Faction represented in the Knesset
- 2006–2013: Yisrael Beiteinu
- 2014–2015: Yisrael Beiteinu

Personal details
- Born: 4 April 1977 (age 49) Moscow, Soviet Union

= Alex Miller (politician) =

Israeli politician

Alex Miller (אלכס מילר; born 4 April 1977) is an Israeli politician who served as a member of the Knesset for Yisrael Beiteinu from 2006 until 2013 and again from 2014 until 2015. He is currently chairman of the Histadrut division for work with repatriates and interaction with national institutions, chairman of the Board of Directors of the educational network "Amal" and a member of the board of directors of the Company of Culture and Sports Centers.

==Biography==
Born in Moscow, Soviet Union (now Russia), Miller emigrated to Israel on 29 January 1992. He gained a BA in education and an MA in Public Policy.

For the 2006 Knesset elections he was placed tenth on the Yisrael Beiteinu list, and became a Knesset member when the party won 11 seats.
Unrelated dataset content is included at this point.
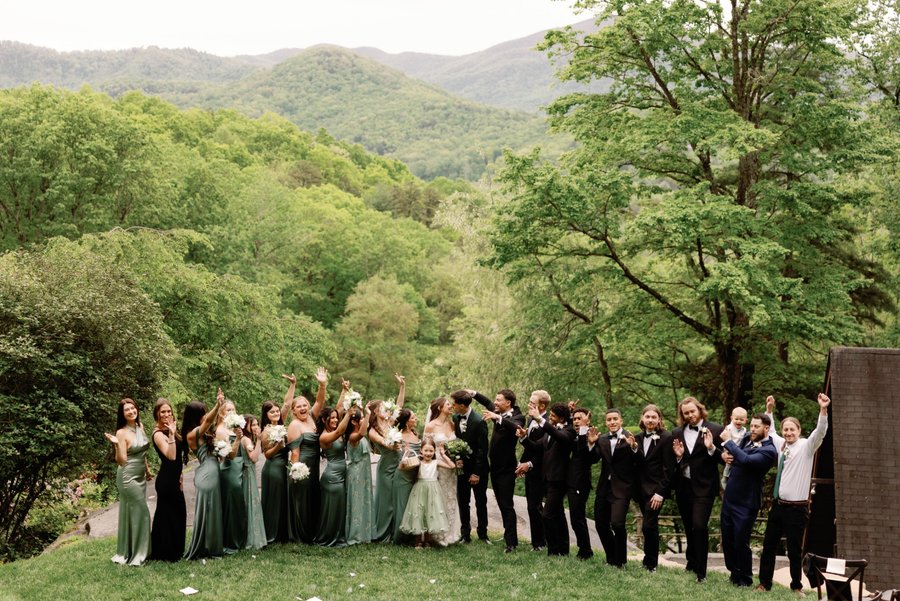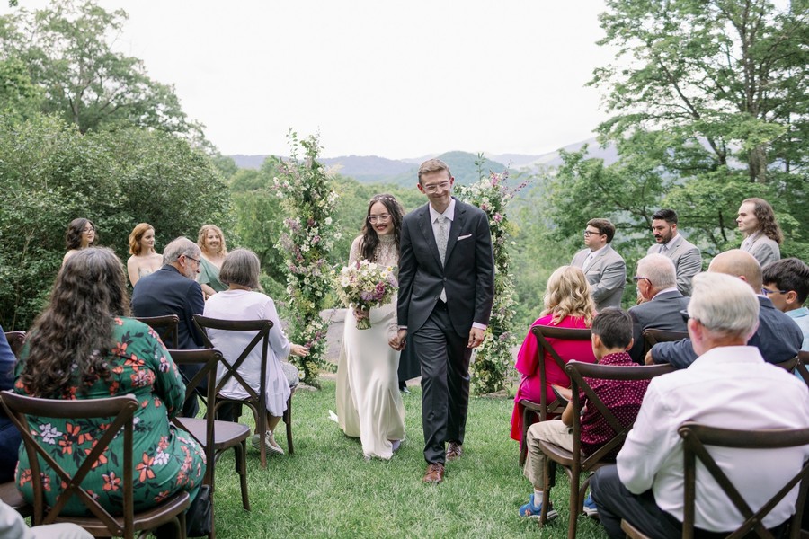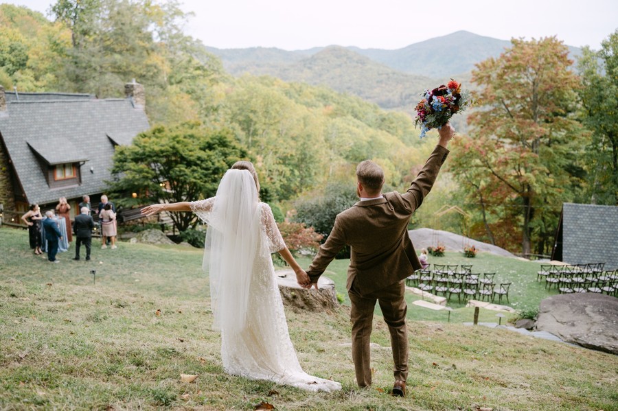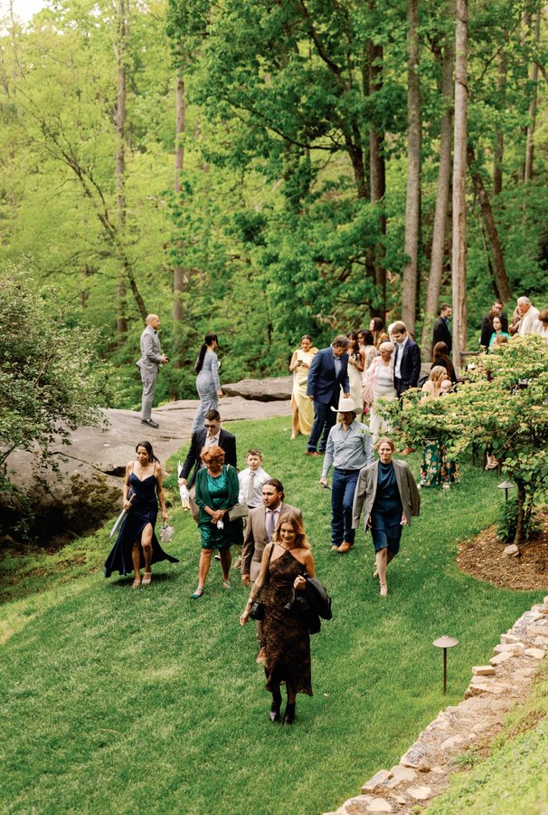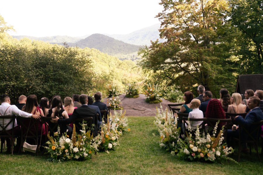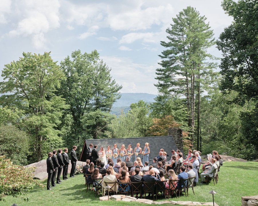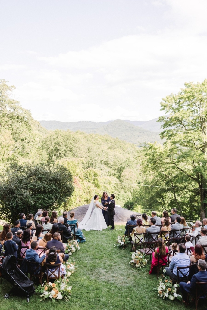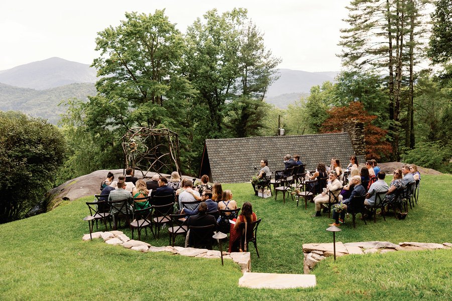 a flat grassy lawn on top of a large boulder. a lovely ceremony site with views of the mountains. a covered event pavilion overlooks the lawn and mountain view, and stairs lead down to the house.

During his first term he chaired the subcommittee for alternative energy sources.

Moved down to fifteenth on the party's list for the 2009 elections, Miller barely retained his seat as Yisrael Beiteinu won 15 seats. For the 2013 elections he was placed 33rd on the joint Likud Yisrael Beiteinu list, and lost his seat as the alliance won only 31 seats. However, he returned to the Knesset on 6 August 2014 as a replacement for Carmel Shama, who resigned after becoming Israel's envoy to the OECD.

He was placed eleventh on the party's list for the 2015 elections, losing his seat when the party was reduced to six seats.

On 18 January 2021 Miller was appointed chairman of the Board of Directors of the educational network "Amal". On 14 September 2021 he was appointed chairman of the Histadrut division for work with repatriates and interaction with national institutions.